Well... I think I've found the problem causing reception issues for the two local stations listed above. After much troubleshooting tonight, it appears the Wineguard AP-4800 pre-amp is the culprit. Once I started looking at each connection in the path between the receiver and the antenna, it appears the coax at the power supply connector going towards the pre-amp was black and somewhat burned out. I'm not sure what would cause this failure on the pre-amp, but I assume this was causing some type of improper shielding or interference causing the signal strength to bounce for these two stations. I ran another coax from the antenna to the receiver without the preamp and received all locals with decent signal strength.

I still don't understand how this problem didn't cause reception issues for most stations but did for two..... anyone have thoughts on this?

Do I really even need a preamp for my setup (using DISH 921 receiver) if most stations have a signal strength around 80 with a few others around 100?


----------



## paulcdavis (Jan 22, 2004)

odubman said:


> Do I really even need a preamp for my setup (using DISH 921 receiver) if most stations have a signal strength around 80 with a few others around 100?


Antenna mounted Preamps only compensate for the signal loss from a long coax between the antenna and the 921. All preamps add some noise to the line, so a pre-amp with a coax cable length of less than 100 ft will often result in a poorer signal. Without multipath problems, the 921 seems to stay locked on signals in the 80 - 100 range OK. A stable 80 is better than a signal that bounces from 90 to 110 in my experience.


----------



## 4HiMarks (Jan 21, 2004)

odubman said:


> Once I started looking at each connection in the path between the receiver and the antenna, it appears the coax at the power supply connector going towards the pre-amp was black and somewhat burned out.

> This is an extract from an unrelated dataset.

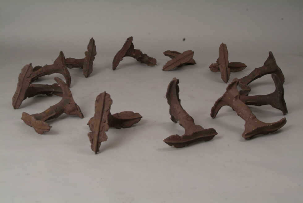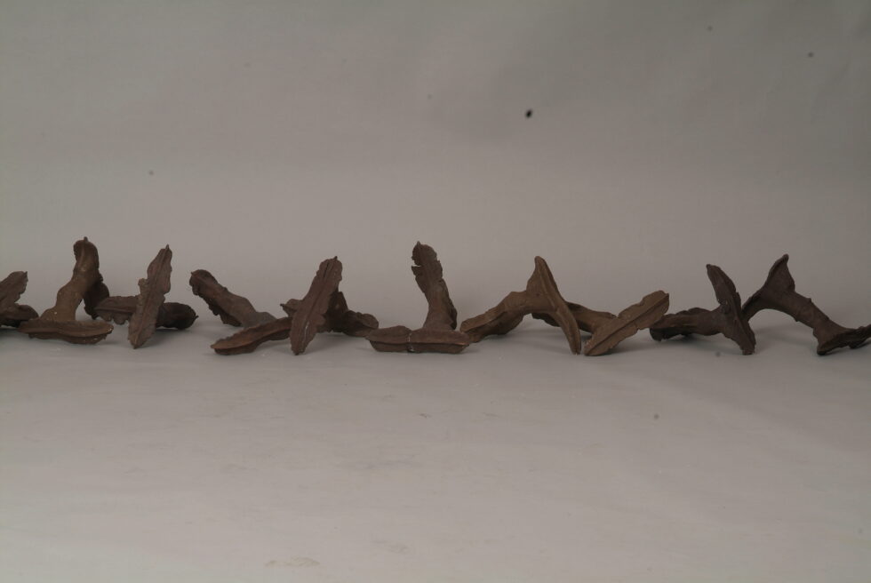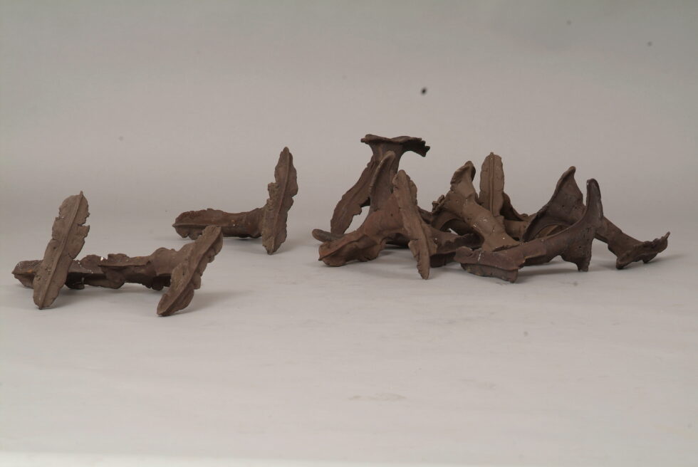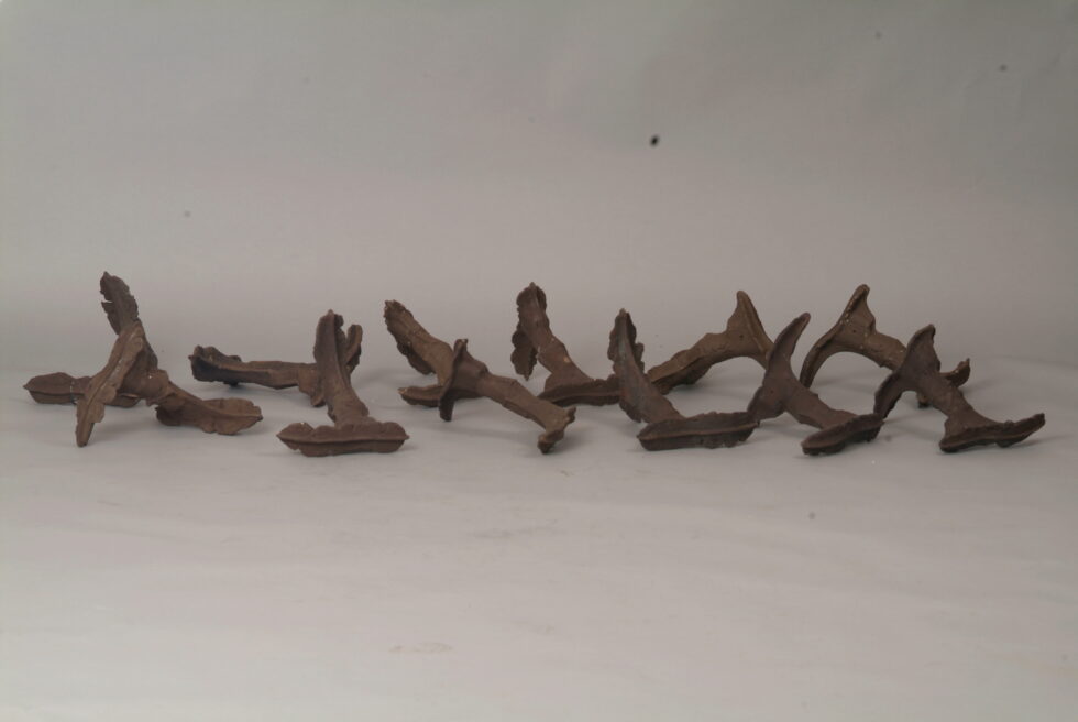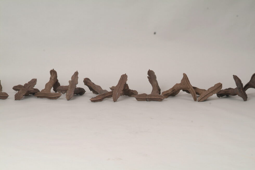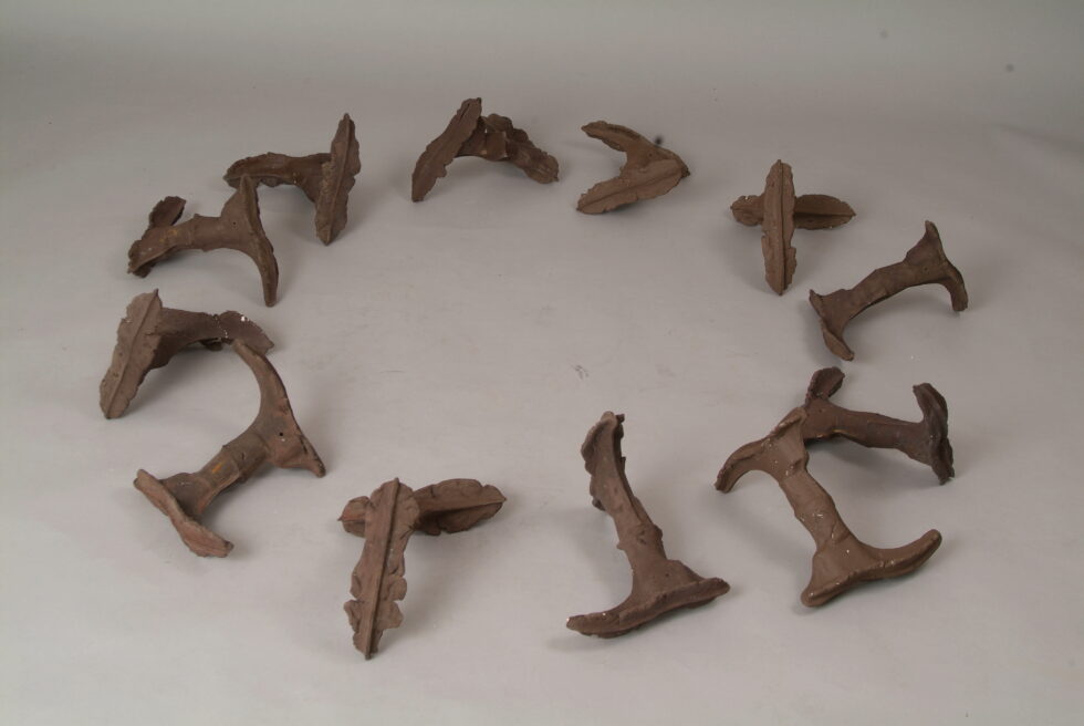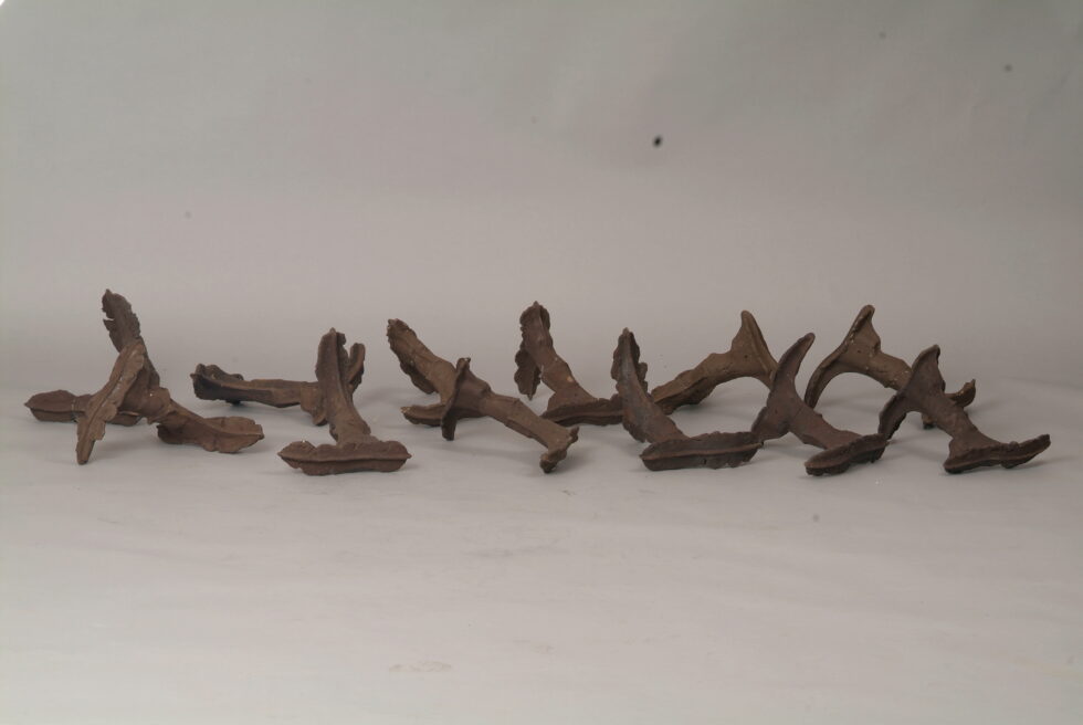 “This piece demands the viewer to imagine the individualcomponenets in movement. Each part is made up of two pieces which can be reminiscent of a foot wearing a boot or a part of a turbine – a mechanical part. The rusty look of the parts seems antiproductive to the implied movement. The parts are not connected into larger wholes and they may be positioned in a variety of ways as long as the approximate distance is such that the eye sees them as a whole. The objects, conceived as anonymous individuals or pairs, bring up questions on humanity, free will and the identity of 21st century individuals.”

Yep. Just as I suspected. It happened to me twice. Somehow, water got into the connection at the grounding block. Don't exactly recall what stations I wasn't getting, but I think it could only see one satellite (this was before I got my 921).

-Chris


----------



## axel0720 (Dec 19, 2004)

I am using a 360 antenna from Radio Shack , believe they only make one style , I live in Peoria Illinois and yesterday FOX came on line with there Digital Transmission (getting ready for Super Bowl ) I am getting about a 75 on the reception scale cause the sending antenna is about 35 miles away. I also am pulling in Davenport Iowa and Springfield Illinois.
Just thought I would share the type of antenna that works very well for me.


----------



## Tomos (Jan 16, 2005)

I have read many knowledgeable folks here write that in the world of the all mighty antenna, bigger is everything, so if your signal is low don't bother with an amp. I have always had a great signal on my rooftop Channelmaster 3020. Now with the 921 I can see it is around 110 to 120 no matter the weather. I am easily 45 to 50 miles from the towers. Now when I try to peek through the tiny holes in the forest I can get stations out of New York and I am 45 to 50 miles west of Philly, but when the wind blows it comes and goes.


----------